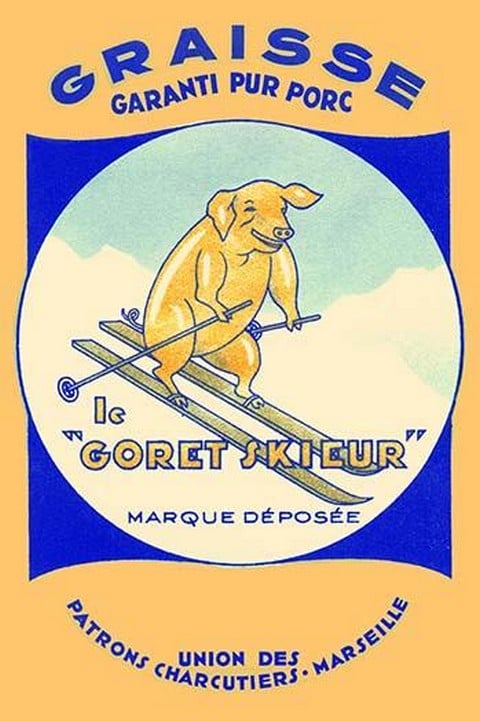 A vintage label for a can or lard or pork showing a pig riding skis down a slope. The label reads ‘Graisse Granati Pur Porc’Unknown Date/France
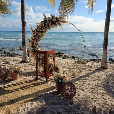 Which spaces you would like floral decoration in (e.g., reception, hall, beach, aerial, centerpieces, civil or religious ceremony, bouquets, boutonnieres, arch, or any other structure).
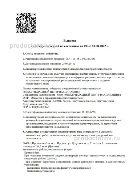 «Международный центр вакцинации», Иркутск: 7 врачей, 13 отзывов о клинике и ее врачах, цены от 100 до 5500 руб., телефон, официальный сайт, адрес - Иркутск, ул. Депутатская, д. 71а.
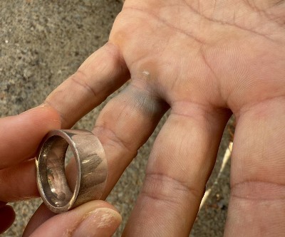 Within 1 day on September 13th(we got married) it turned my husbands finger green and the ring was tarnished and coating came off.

□ □ □ □ □

** WHAT IS NEEDED **
Take the lines of the material above from the first through the one containing "Which spaces you", both included, and print them exactly without the pictures.

** YOUR RESPONSE **
 A vintage label for a can or lard or pork showing a pig riding skis down a slope. The label reads ‘Graisse Granati Pur Porc’Unknown Date/France
 Which spaces you would like floral decoration in (e.g., reception, hall, beach, aerial, centerpieces, civil or religious ceremony, bouquets, boutonnieres, arch, or any other structure).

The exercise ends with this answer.